BEGIN DATA LISTING

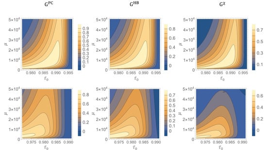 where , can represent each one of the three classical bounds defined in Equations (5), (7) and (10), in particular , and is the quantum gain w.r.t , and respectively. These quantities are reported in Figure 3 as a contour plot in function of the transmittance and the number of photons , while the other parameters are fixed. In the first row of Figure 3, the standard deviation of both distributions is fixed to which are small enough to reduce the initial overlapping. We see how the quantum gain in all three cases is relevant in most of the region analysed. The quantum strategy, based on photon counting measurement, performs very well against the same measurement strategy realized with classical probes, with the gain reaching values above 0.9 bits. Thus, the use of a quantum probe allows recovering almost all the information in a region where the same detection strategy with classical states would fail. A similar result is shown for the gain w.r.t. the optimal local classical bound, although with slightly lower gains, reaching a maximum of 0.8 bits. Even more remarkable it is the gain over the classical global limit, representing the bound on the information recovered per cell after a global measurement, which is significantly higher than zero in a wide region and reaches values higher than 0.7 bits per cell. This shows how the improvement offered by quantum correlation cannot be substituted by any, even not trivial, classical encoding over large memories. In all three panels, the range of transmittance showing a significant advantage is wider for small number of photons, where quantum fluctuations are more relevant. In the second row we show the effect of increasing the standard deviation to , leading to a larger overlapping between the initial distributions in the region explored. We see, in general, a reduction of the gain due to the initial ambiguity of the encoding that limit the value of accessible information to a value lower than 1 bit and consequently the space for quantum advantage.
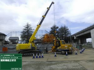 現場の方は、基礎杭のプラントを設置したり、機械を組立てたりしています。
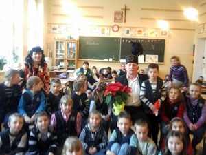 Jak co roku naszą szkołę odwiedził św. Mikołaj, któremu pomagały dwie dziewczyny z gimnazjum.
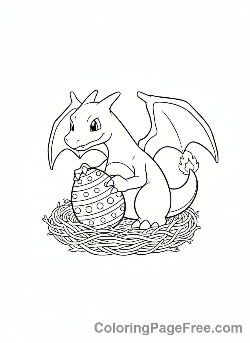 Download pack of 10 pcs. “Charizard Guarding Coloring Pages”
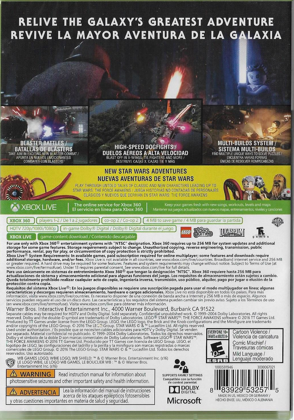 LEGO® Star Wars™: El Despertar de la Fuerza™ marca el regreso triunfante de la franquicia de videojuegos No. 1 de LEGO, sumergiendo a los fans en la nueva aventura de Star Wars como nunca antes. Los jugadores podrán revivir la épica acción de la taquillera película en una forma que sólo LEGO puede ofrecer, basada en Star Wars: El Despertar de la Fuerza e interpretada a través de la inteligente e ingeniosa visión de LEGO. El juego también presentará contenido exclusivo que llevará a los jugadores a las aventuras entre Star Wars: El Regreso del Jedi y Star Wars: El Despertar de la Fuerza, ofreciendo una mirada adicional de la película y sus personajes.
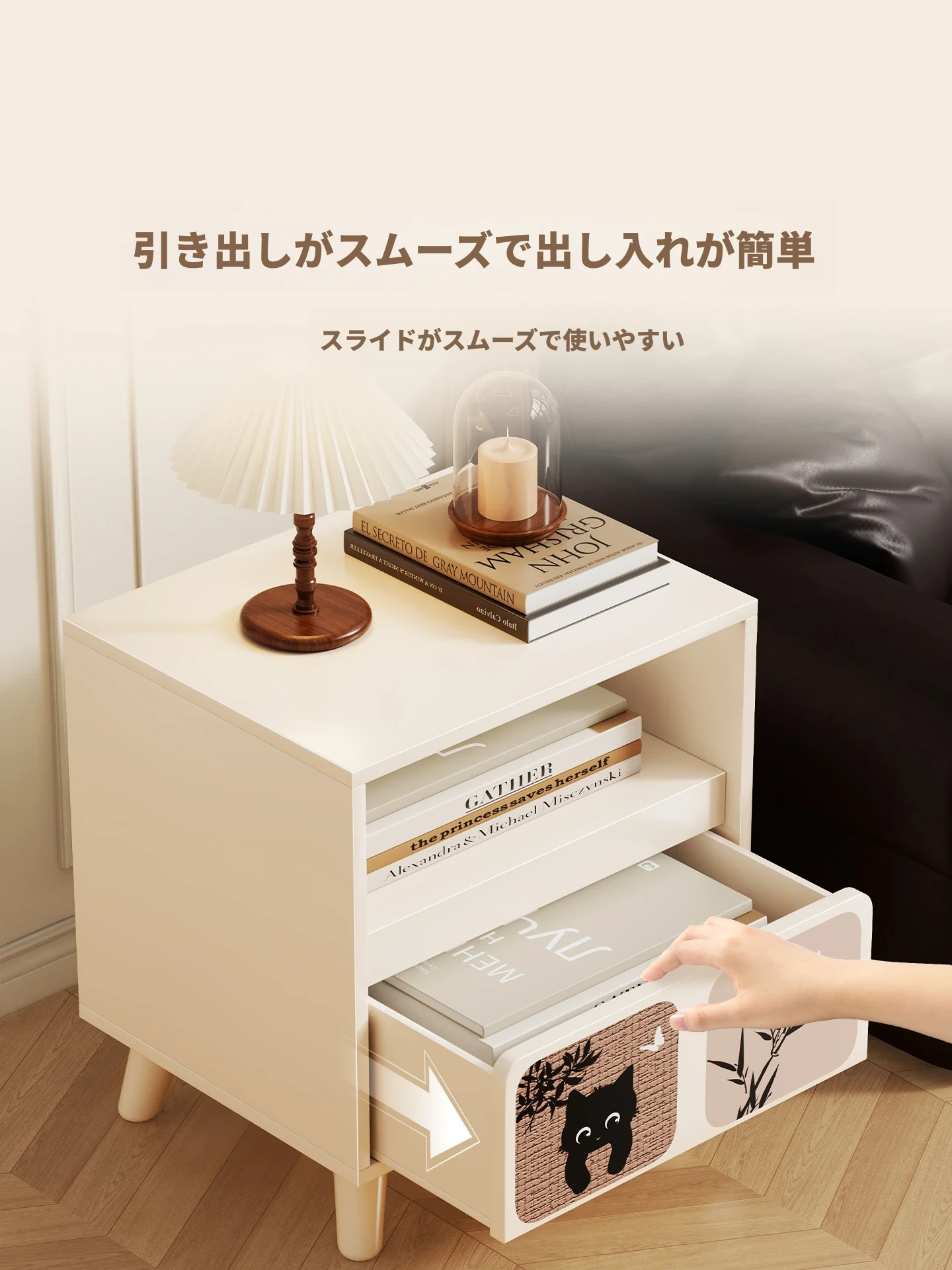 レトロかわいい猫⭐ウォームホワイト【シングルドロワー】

END DATA LISTING

● **WHAT TO PRODUCE**
Return the full set of lines above word for word and with no pictures.

● **EXPECTED ANSWER**
 where , can represent each one of the three classical bounds defined in Equations (5), (7) and (10), in particular , and is the quantum gain w.r.t , and respectively. These quantities are reported in Figure 3 as a contour plot in function of the transmittance and the number of photons , while the other parameters are fixed. In the first row of Figure 3, the standard deviation of both distributions is fixed to which are small enough to reduce the initial overlapping. We see how the quantum gain in all three cases is relevant in most of the region analysed. The quantum strategy, based on photon counting measurement, performs very well against the same measurement strategy realized with classical probes, with the gain reaching values above 0.9 bits. Thus, the use of a quantum probe allows recovering almost all the information in a region where the same detection strategy with classical states would fail. A similar result is shown for the gain w.r.t. the optimal local classical bound, although with slightly lower gains, reaching a maximum of 0.8 bits. Even more remarkable it is the gain over the classical global limit, representing the bound on the information recovered per cell after a global measurement, which is significantly higher than zero in a wide region and reaches values higher than 0.7 bits per cell. This shows how the improvement offered by quantum correlation cannot be substituted by any, even not trivial, classical encoding over large memories. In all three panels, the range of transmittance showing a significant advantage is wider for small number of photons, where quantum fluctuations are more relevant. In the second row we show the effect of increasing the standard deviation to , leading to a larger overlapping between the initial distributions in the region explored. We see, in general, a reduction of the gain due to the initial ambiguity of the encoding that limit the value of accessible information to a value lower than 1 bit and consequently the space for quantum advantage.
 現場の方は、基礎杭のプラントを設置したり、機械を組立てたりしています。
 Jak co roku naszą szkołę odwiedził św. Mikołaj, któremu pomagały dwie dziewczyny z gimnazjum.
 Download pack of 10 pcs. “Charizard Guarding Coloring Pages”
 LEGO® Star Wars™: El Despertar de la Fuerza™ marca el regreso triunfante de la franquicia de videojuegos No. 1 de LEGO, sumergiendo a los fans en la nueva aventura de Star Wars como nunca antes. Los jugadores podrán revivir la épica acción de la taquillera película en una forma que sólo LEGO puede ofrecer, basada en Star Wars: El Despertar de la Fuerza e interpretada a través de la inteligente e ingeniosa visión de LEGO. El juego también presentará contenido exclusivo que llevará a los jugadores a las aventuras entre Star Wars: El Regreso del Jedi y Star Wars: El Despertar de la Fuerza, ofreciendo una mirada adicional de la película y sus personajes.
 レトロかわいい猫⭐ウォームホワイト【シングルドロワー】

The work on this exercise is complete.